XCOR Aerospace rases $14 million to complete Lynx development

Lynx suborbital vehicle (credit: XCOR Aerospace)

A $14-million funding round announced this week will give XCOR Aerospace the financial runway it needs to bring the Lynx suborbital spaceplane to market. (credit: XCOR Aerospace)

XCOR Aerospace announced Tuesday that it has raised a “Series B” funding round of $14.2 million, led by one of its partners. Space Expedition Corporation (SXC) is taking an undisclosed stake in XCOR, enough to warrant two of its officers, Michiel Mol and Mark Hoogendoorn, to join XCOR’s current five-member board of directors. Several other existing and new investors joined in the round, including Esther Dyson and Pete Ricketts, and the company is in discussions with “a few more potential investors” who may join this summer. (An SEC filing by XCOR earlier this year indicated that the company was seeking to raise as much as $20 million.)

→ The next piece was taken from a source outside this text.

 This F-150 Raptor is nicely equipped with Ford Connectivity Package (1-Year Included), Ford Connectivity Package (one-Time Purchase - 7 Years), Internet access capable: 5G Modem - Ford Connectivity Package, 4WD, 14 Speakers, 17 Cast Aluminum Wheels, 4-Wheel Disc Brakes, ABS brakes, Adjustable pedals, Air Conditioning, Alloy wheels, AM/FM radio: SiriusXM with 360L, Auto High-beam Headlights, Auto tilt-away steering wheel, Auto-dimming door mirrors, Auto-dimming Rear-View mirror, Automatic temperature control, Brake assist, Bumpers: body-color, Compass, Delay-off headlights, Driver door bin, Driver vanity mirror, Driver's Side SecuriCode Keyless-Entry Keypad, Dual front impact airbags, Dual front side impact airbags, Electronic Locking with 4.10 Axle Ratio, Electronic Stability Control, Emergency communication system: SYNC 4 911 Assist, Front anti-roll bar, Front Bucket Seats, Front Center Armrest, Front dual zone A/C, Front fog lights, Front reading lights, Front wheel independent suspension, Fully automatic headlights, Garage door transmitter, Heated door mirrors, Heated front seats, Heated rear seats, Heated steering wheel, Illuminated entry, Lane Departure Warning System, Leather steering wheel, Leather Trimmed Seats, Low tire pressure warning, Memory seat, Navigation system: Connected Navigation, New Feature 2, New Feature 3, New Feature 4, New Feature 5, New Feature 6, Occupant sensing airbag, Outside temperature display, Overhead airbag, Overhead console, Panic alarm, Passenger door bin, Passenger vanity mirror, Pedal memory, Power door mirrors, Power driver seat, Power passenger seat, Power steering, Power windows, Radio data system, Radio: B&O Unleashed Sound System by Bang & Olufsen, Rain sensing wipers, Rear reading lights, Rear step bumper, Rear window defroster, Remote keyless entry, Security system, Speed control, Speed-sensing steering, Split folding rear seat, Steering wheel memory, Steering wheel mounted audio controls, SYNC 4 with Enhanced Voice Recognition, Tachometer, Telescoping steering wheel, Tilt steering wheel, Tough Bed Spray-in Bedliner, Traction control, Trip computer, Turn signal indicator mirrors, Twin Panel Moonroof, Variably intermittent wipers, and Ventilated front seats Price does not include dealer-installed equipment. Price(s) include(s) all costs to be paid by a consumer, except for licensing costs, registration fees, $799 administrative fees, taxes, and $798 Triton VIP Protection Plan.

SXC, originally known as Space Experience Curaçao, is one of XCOR’s major customers, selling seats on future flights by XCOR’s Lynx suborbital spaceplane. SXC plans to “wet lease” Lynx vehicles from XCOR for operations from the Caribbean island of Curaçao. SXC is based in the Netherlands, and as such the investment was reviewed by the Committee on Foreign Investment in the United States (CFIUS), an office of the Treasury Department that vets foreign investments in some industries. XCOR said in the statement announcing the investment that CFIUS had cleared the investment.

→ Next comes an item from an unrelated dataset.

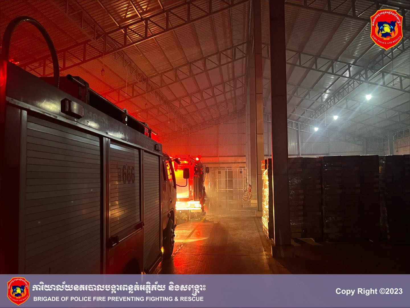 រាជធានីភ្នំពេញ៖ នៅថ្ងៃទី១៨ ខែធ្នូ ឆ្នាំ២០២៣ យោងតាមការចុះផ្សាយរបស់ ការិយាល័យបង្ការពន្លត់អគ្គិភ័យ និងសង្គ្រោះ បានឱ្យដឹងថា ករណីអគ្គិភ័យបានឆាបឆេះរោងចក្រ JUNTY BRITHING ផលិតអំពូល មួយកន្លែងយ៉ាងសន្ធោសន្ធៅ ដែលធ្វើឲ្យមានការភ្ញាក់ផ្អើលយ៉ាងខ្លាំងពីសំណាក់បងប្អូនប្រជាពលរដ្ឋ។ ហេតុការណ៍នេះបានកើតឡើងនៅវេលាម៉ោង ៦និង២០នាទីយប់ ថ្ងៃទី១៧ ខែធ្នូ ឆ្នាំ២០២៣ ដែលស្ថិតនៅចំណុចរោងចក្រ ភូមិកប់គង សង្កាត់ចោមចៅទី២ ខណ្ឌពោធិ៍សែនជ័យ រាជធានីភ្នំពេញ។
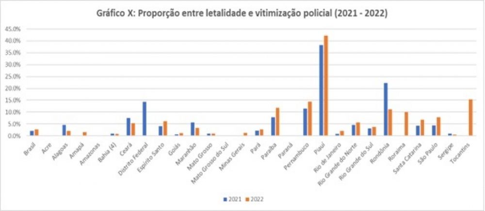 É evidente que o confronto faz parte da atuação policial e o uso da força é constituinte da profissão, contudo, a desproporcionalidade do uso da força está suficientemente evidente em ambos os indicadores, assim como a grande heterogeneidade entre as unidades da federação, que é historicamente consolidada e sinaliza concentração territorial e institucional da letalidade policial no Brasil. Algumas polícias são muito mais violentas que outras. Amapá, Bahia, Goiás, Rio de Janeiro e Sergipe seguem sendo as polícias que mais fazem uso abusivo da força no país.

The investment, according to the release, will fund XCOR’s work on Lynx to bring the suborbital spaceplane to market. The prototype Lynx Mark I is being assembled at XCOR’s Mojave facility, and company officials said earlier this month that they expect tests of that prototype to begin later this year. “This investment will allow us to accelerate and run in parallel several final developments in the critical path to first flight,” XCOR CEO Jeff Greason said in the announcement.

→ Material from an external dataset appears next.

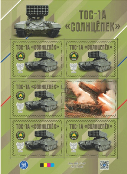 ДНР 2025 год. Малый лист виньеток Техника СВО. ТОС-1А "Солнцепёк" (356

Once the test flight program starts for the Lynx, it will be at least a year before commercial flights will begin. In a presentation at the National Space Society’s International Space Development Conference (ISDC) in Los Angeles earlier this month, XCOR test pilot and former astronaut Rick Searfoss said he anticipated a test flight program of 12 to 18 months, depending on the progress the company makes on the incremental series of test flights.

XCOR is also getting ready to move its operations from Mojave Air and Space Port in California to Midland International Airport in Texas. Officials there said earlier this month that they’re making progress on getting a spaceport license from the FAA’s Office of Commercial Space Transportation, and expect to get approval by September 15. Work is also underway there to remodel a hangar that XCOR will use.